En resumen, si andás corto de tiempo:
El Concejo Deliberante aprobó un nuevo aumento del 20% en el valor del módulo, la unidad con la que se calculan todas las tasas municipales.
El incremento fue impulsado por el oficialismo de Fuerza Patria y contó con el apoyo del Movimiento Vecinal y parte de Juntos por el Cambio, mientras que La Libertad Avanza, Gustavo Moller y el sector crítico de JxC votaron en contra.
El ajuste llega apenas una semana después de que el propio municipio reconociera un déficit de 3.000 millones de pesos, sin presentar medidas de ahorro ni control del gasto político.
Quiénes votaron a favor del aumento
Acompañaron el proyecto los concejales:
Carlos Ávila, Cecilia Del Águila, Agustín Rossi, Alejandro Barragán, Facundo Elgart, Carla Moreno, Adolfo Olivera, Paola Acuña, Mara Redivo, Marcelo León, Claudia Diez y Mariano Hernández.
En conjunto, Fuerza Patria, el Movimiento Vecinal y parte de Juntos por el Cambio garantizaron los votos necesarios para aprobar la suba.
El resto de la oposición votó en contra o se ausentó.
Los que se opusieron
Votaron en contra Daiana De Grazia y Marisa Marioli (Juntos por el Cambio), Eduardo Giordano y Omar Bartneche (La Libertad Avanza, este último reemplazado en la sesión), y Gustavo Moller (Unión Renovación y Fe).

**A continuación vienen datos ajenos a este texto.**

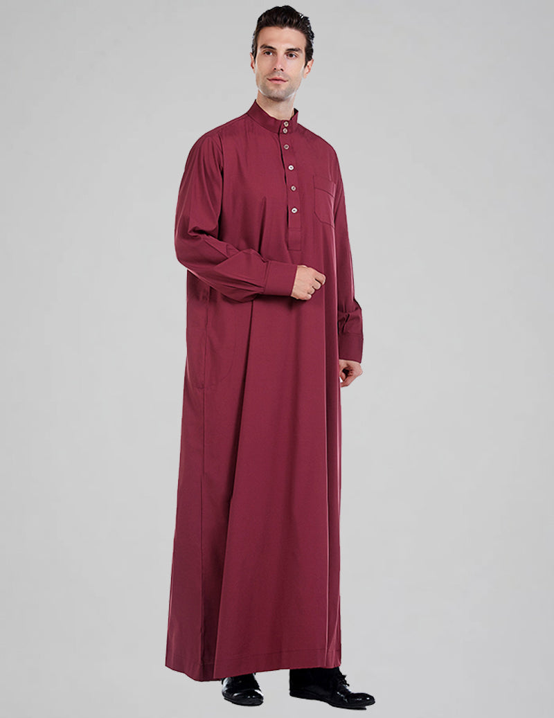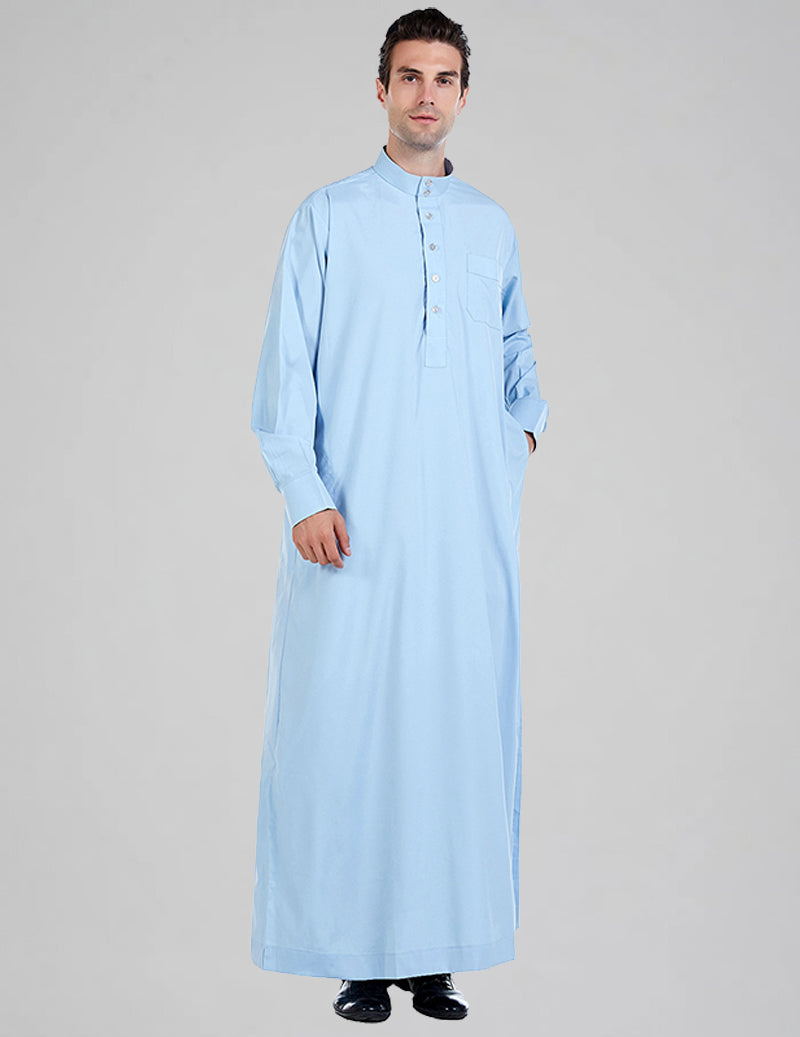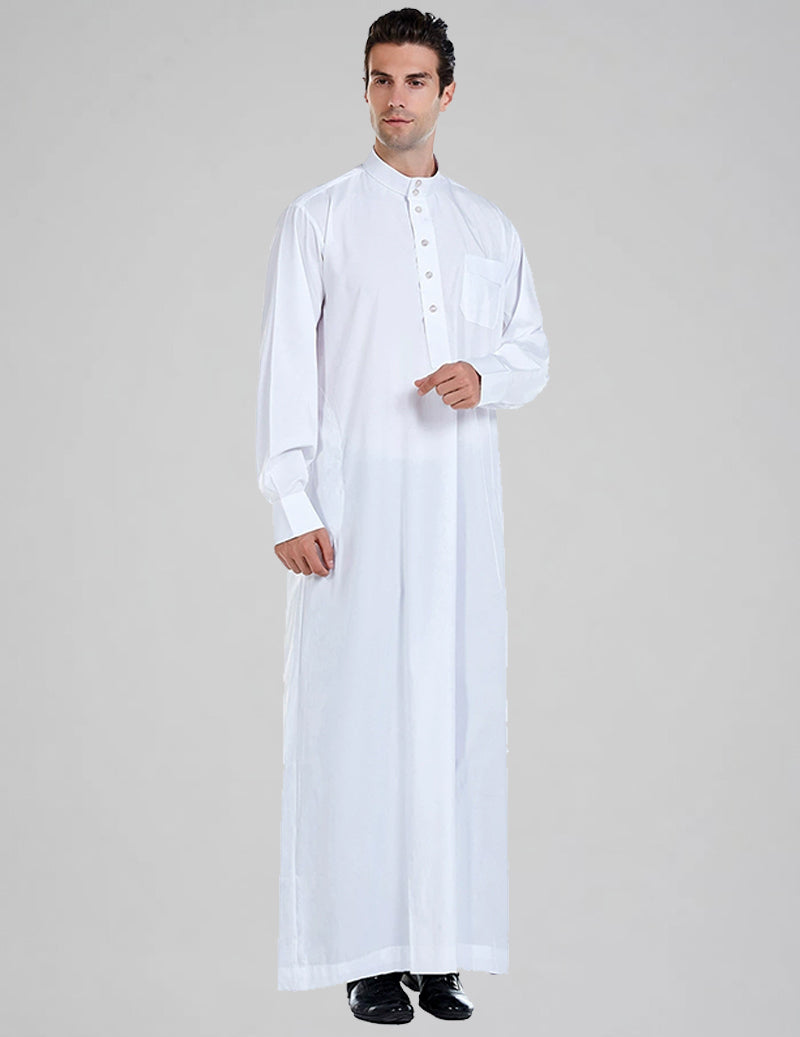 Timeless tradition meets effortless comfort. This premium men's thobe features a sophisticated mandarin collar, full button-front closure, and a relaxed straight-cut silhouette that drapes beautifully. Crafted from soft, lightweight, breathable fabric, it offers all-day ease of movement while maintaining classic elegance.
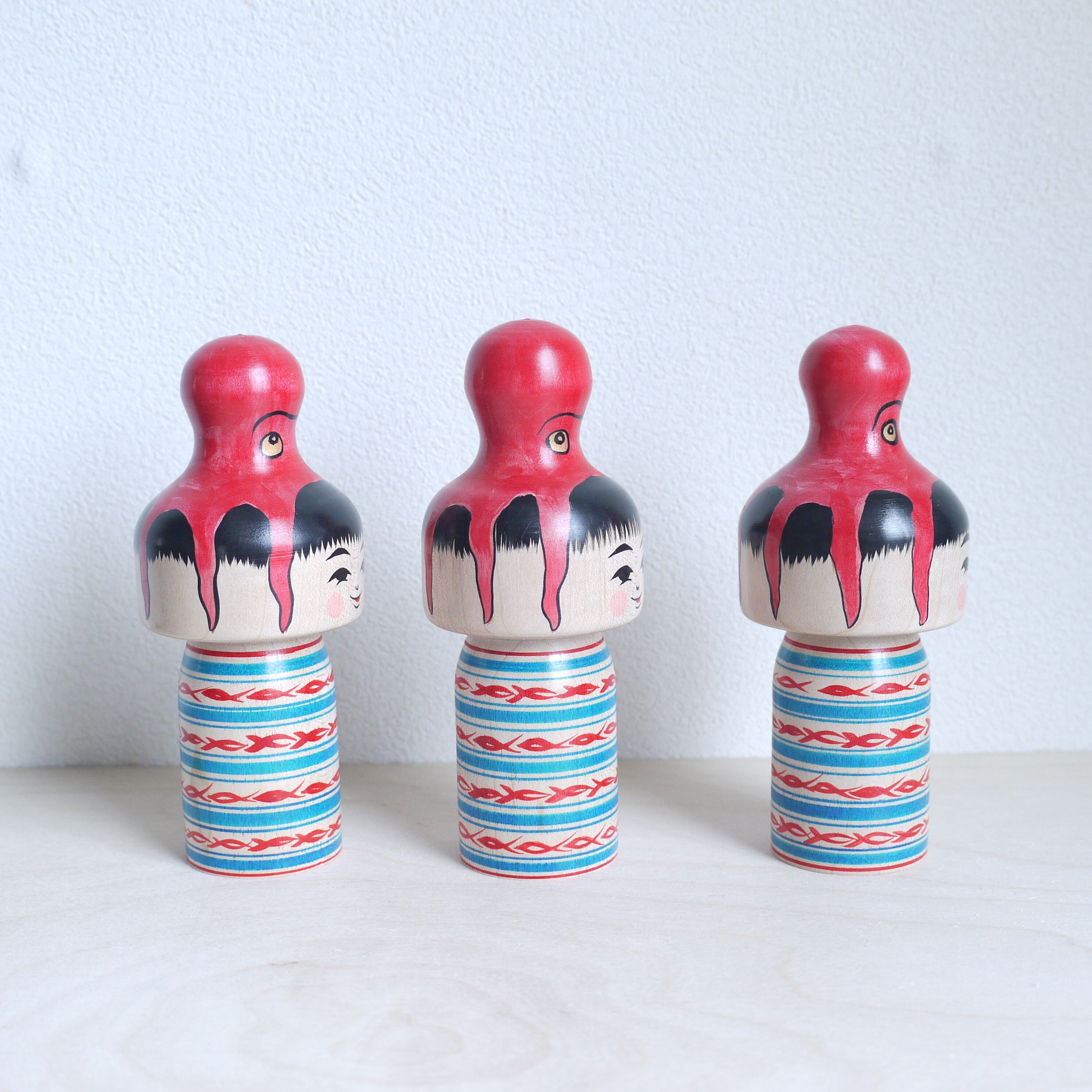 スタンダードなフィッシュボーダーパターンに赤いタコ。
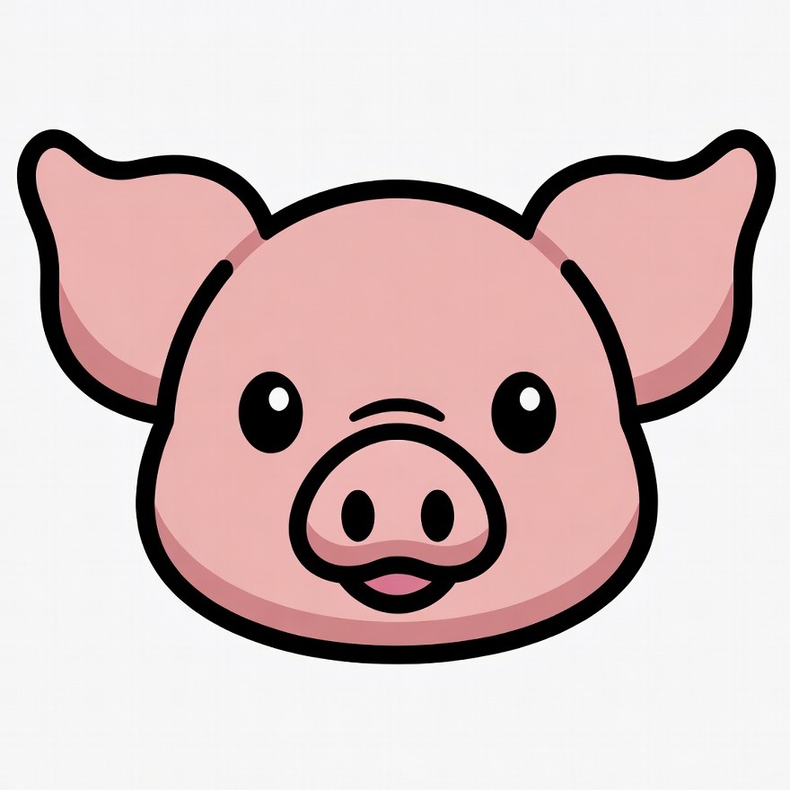 adorable pig, animal, big eyes, cartoon pig, clipart, cute pig, farm animal, illustration, isolated background, kawaii, pig face, piggy, pink pig, smiling pig, pig

Coincidieron en que el Ejecutivo “prefiere seguir exprimiendo al contribuyente antes que revisar su propio gasto”, recordando que el municipio aún no transparentó los contratos, sueldos políticos ni el detalle de la deuda acumulada.
Un aumento que llega en el peor momento
El incremento fue votado en plena crisis financiera local.
A pocos días de admitir un déficit de más de 3.000 millones, el intendente Pablo Garate volvió a recurrir a la suba de tasas para financiar un Estado que no se ajusta.
En lugar de revisar su estructura, reducir cargos o recortar la pauta oficial, el municipio vuelve a elegir el camino más fácil: ajustar a los vecinos.
Mientras tanto, los servicios se degradan, el transporte sigue sin solución y los números del municipio no cierran ni con aumentos.
Conclusión
Tres Arroyos no necesita más incrementos disfrazados de “recomposición”.
Necesita un gobierno que explique cómo se llegó a un agujero de 3.000 millones y por qué quienes deben rendir cuentas siguen cobrando más mientras la gente paga más.
El aumento fue aprobado.
La austeridad sigue ausente.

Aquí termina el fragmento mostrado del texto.